PROVIDED MATERIAL:
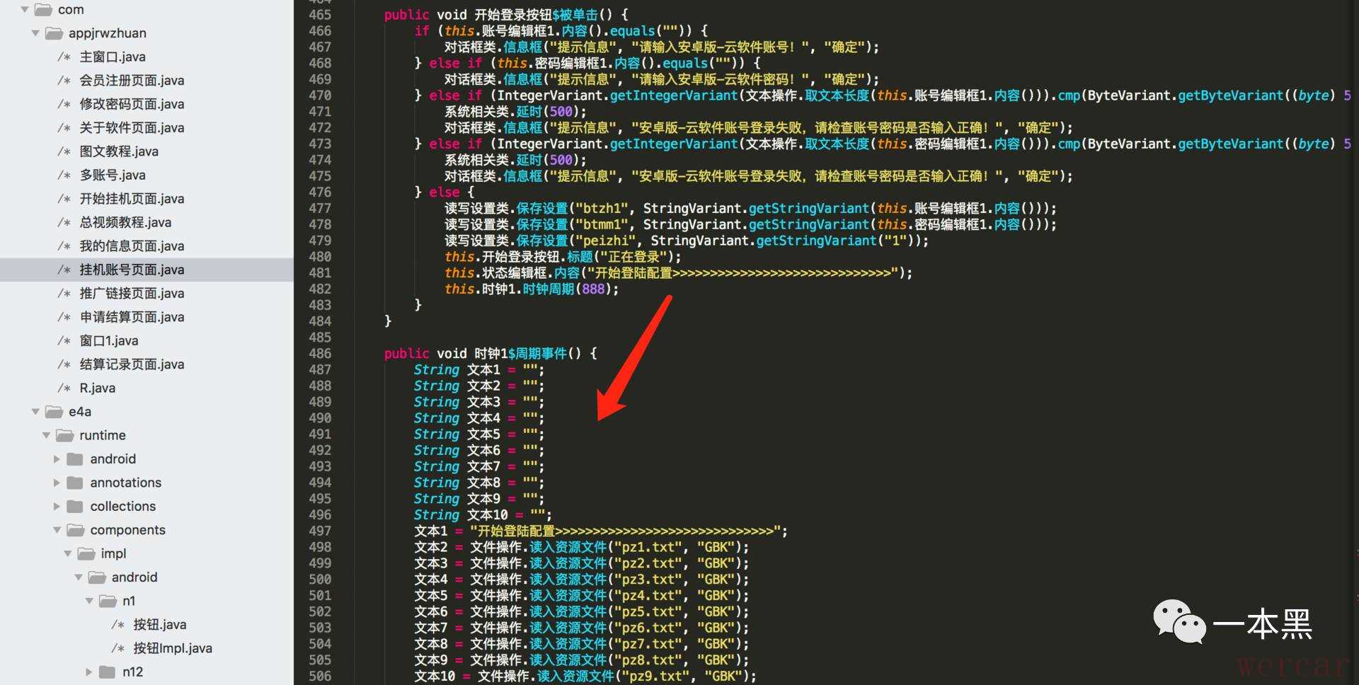 老师傅先是通过技术手段拿到了这款挂机软件安卓版本的源码,发现该软件由【易语言】开发,这款软件在挂机之前需要配置一个账号进行挂机设置,才能正常使用。
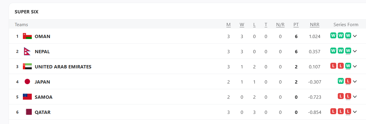 ओमानको अल अमिरतस्थित ओमान क्रिकेट एकेडेमी टर्फ–१ मा भएको खेलमा नेपालले कतारलाई पाँच रनले पराजित गर्दै सुपर सिक्समा लगातार दोस्रो जित दर्ता गराएको हो । जितसँगै नेपालले ६ अंक जोडेको छ ।
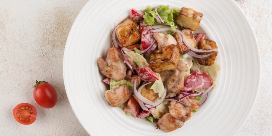 Теплий салат з баклажанами, смаженою куркою і соусом чілі

WHAT IS REQUIRED:
Copy out every line of the data exactly, leaving the images behind.

YOUR SOLUTION:
 老师傅先是通过技术手段拿到了这款挂机软件安卓版本的源码,发现该软件由【易语言】开发,这款软件在挂机之前需要配置一个账号进行挂机设置,才能正常使用。
 ओमानको अल अमिरतस्थित ओमान क्रिकेट एकेडेमी टर्फ–१ मा भएको खेलमा नेपालले कतारलाई पाँच रनले पराजित गर्दै सुपर सिक्समा लगातार दोस्रो जित दर्ता गराएको हो । जितसँगै नेपालले ६ अंक जोडेको छ ।
 Теплий салат з баклажанами, смаженою куркою і соусом чілі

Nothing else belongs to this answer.